Task material —
[Start of section]

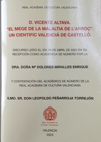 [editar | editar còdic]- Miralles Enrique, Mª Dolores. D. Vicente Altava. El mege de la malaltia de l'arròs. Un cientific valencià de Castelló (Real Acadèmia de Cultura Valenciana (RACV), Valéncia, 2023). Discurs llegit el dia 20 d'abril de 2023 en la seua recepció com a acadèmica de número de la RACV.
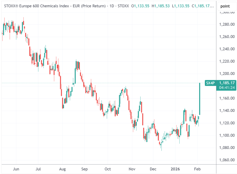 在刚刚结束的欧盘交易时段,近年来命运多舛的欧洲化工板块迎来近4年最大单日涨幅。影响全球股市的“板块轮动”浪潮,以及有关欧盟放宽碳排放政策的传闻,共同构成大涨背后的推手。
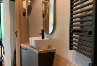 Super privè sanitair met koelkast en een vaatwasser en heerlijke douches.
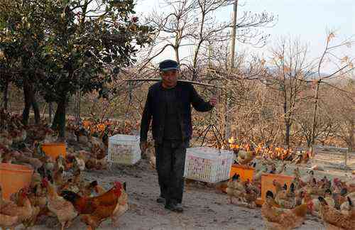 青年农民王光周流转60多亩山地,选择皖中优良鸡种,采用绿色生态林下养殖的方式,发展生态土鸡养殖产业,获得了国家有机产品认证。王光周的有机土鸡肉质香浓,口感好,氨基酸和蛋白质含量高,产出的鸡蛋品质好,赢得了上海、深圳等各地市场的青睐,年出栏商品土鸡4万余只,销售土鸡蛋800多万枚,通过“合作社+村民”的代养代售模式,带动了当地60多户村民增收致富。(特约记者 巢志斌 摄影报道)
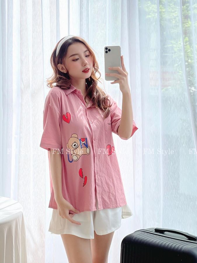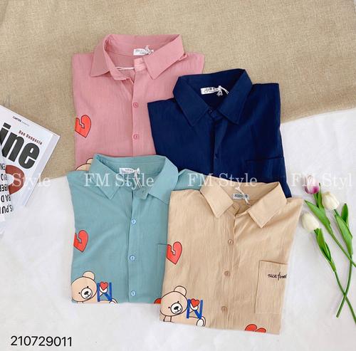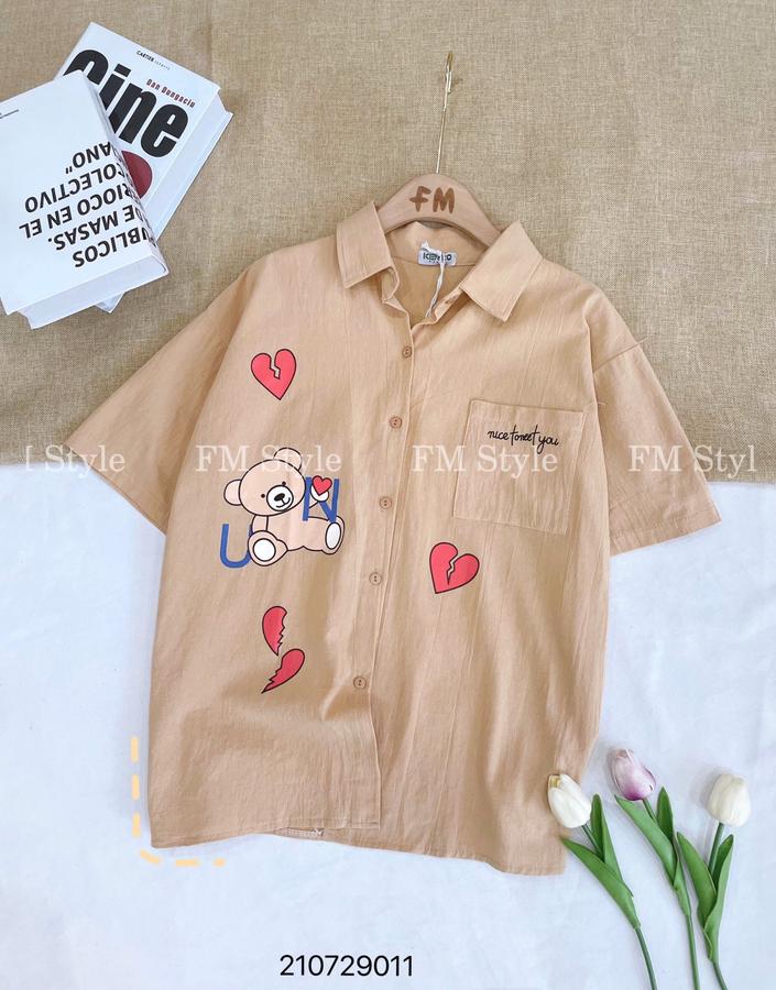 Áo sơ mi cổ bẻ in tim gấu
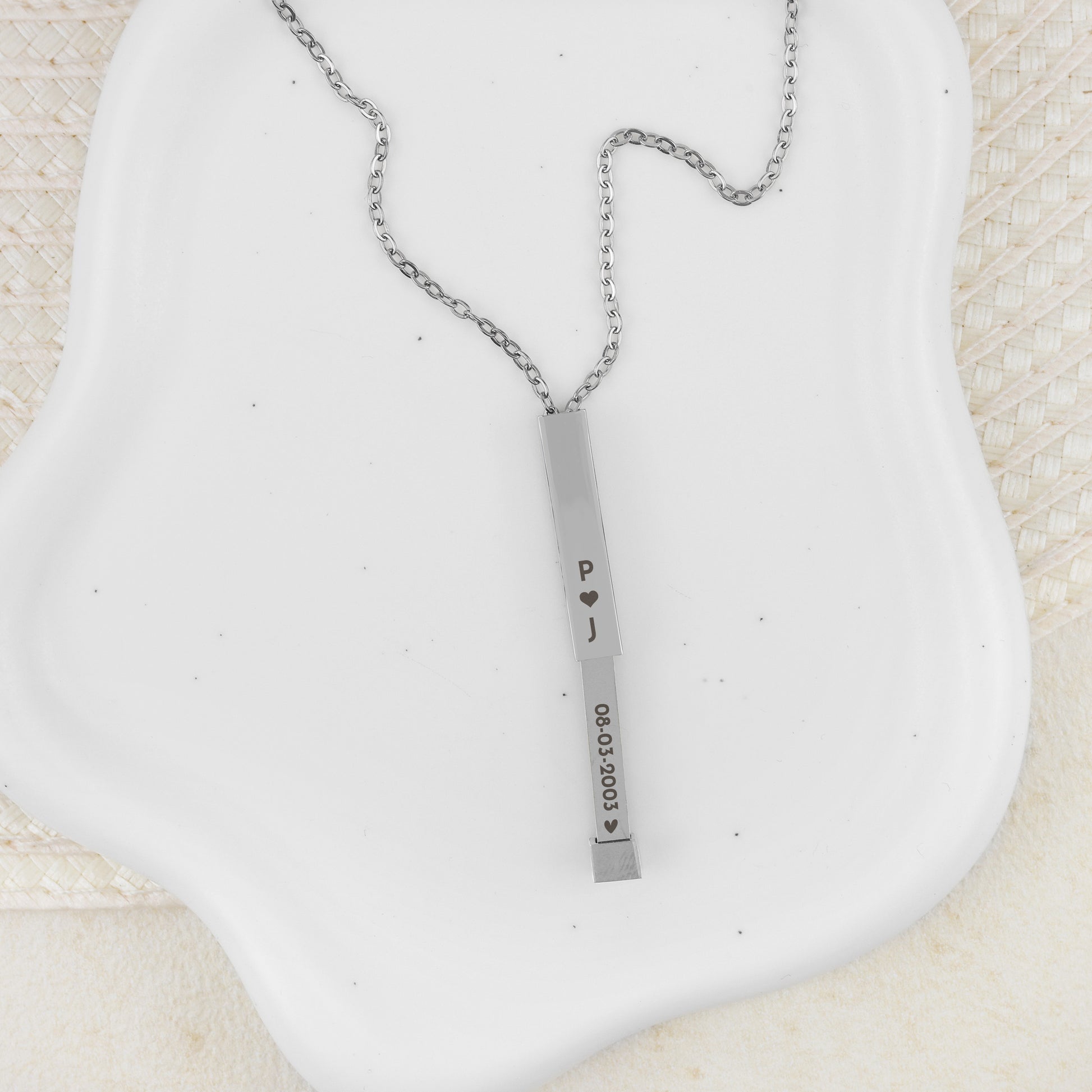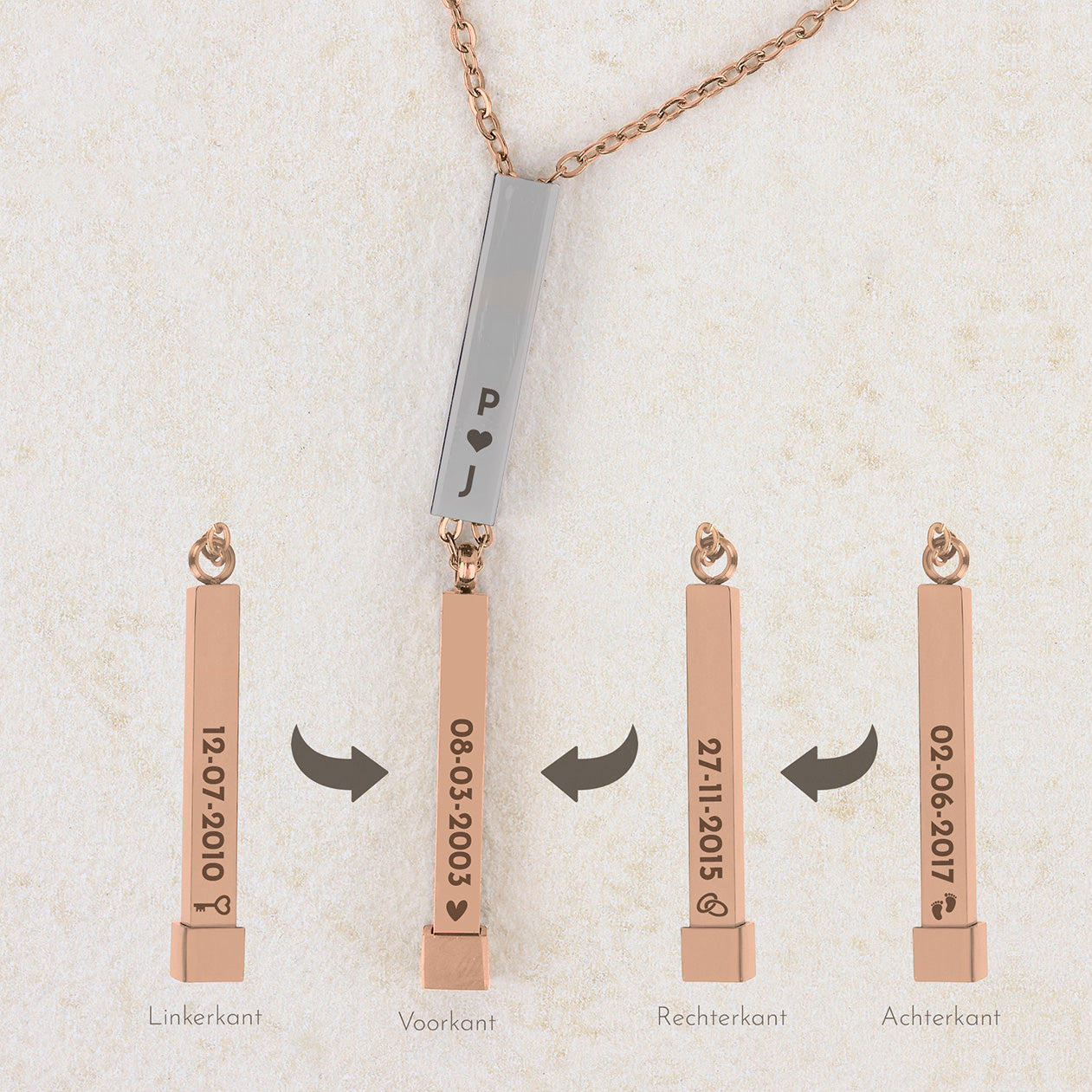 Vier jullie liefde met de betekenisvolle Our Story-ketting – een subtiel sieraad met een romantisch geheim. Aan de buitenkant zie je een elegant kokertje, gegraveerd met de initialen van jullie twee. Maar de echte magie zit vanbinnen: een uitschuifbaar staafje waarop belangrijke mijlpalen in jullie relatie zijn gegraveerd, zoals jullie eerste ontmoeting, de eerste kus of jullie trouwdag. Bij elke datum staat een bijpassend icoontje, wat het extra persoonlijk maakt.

[End of section]

Work required — Word for word, reproduce all of the entries above and omit the pictures.

Finished task —
 [editar | editar còdic]- Miralles Enrique, Mª Dolores. D. Vicente Altava. El mege de la malaltia de l'arròs. Un cientific valencià de Castelló (Real Acadèmia de Cultura Valenciana (RACV), Valéncia, 2023). Discurs llegit el dia 20 d'abril de 2023 en la seua recepció com a acadèmica de número de la RACV.
 在刚刚结束的欧盘交易时段,近年来命运多舛的欧洲化工板块迎来近4年最大单日涨幅。影响全球股市的“板块轮动”浪潮,以及有关欧盟放宽碳排放政策的传闻,共同构成大涨背后的推手。
 Super privè sanitair met koelkast en een vaatwasser en heerlijke douches.
 青年农民王光周流转60多亩山地,选择皖中优良鸡种,采用绿色生态林下养殖的方式,发展生态土鸡养殖产业,获得了国家有机产品认证。王光周的有机土鸡肉质香浓,口感好,氨基酸和蛋白质含量高,产出的鸡蛋品质好,赢得了上海、深圳等各地市场的青睐,年出栏商品土鸡4万余只,销售土鸡蛋800多万枚,通过“合作社+村民”的代养代售模式,带动了当地60多户村民增收致富。(特约记者 巢志斌 摄影报道)
 Áo sơ mi cổ bẻ in tim gấu
 Vier jullie liefde met de betekenisvolle Our Story-ketting – een subtiel sieraad met een romantisch geheim. Aan de buitenkant zie je een elegant kokertje, gegraveerd met de initialen van jullie twee. Maar de echte magie zit vanbinnen: een uitschuifbaar staafje waarop belangrijke mijlpalen in jullie relatie zijn gegraveerd, zoals jullie eerste ontmoeting, de eerste kus of jullie trouwdag. Bij elke datum staat een bijpassend icoontje, wat het extra persoonlijk maakt.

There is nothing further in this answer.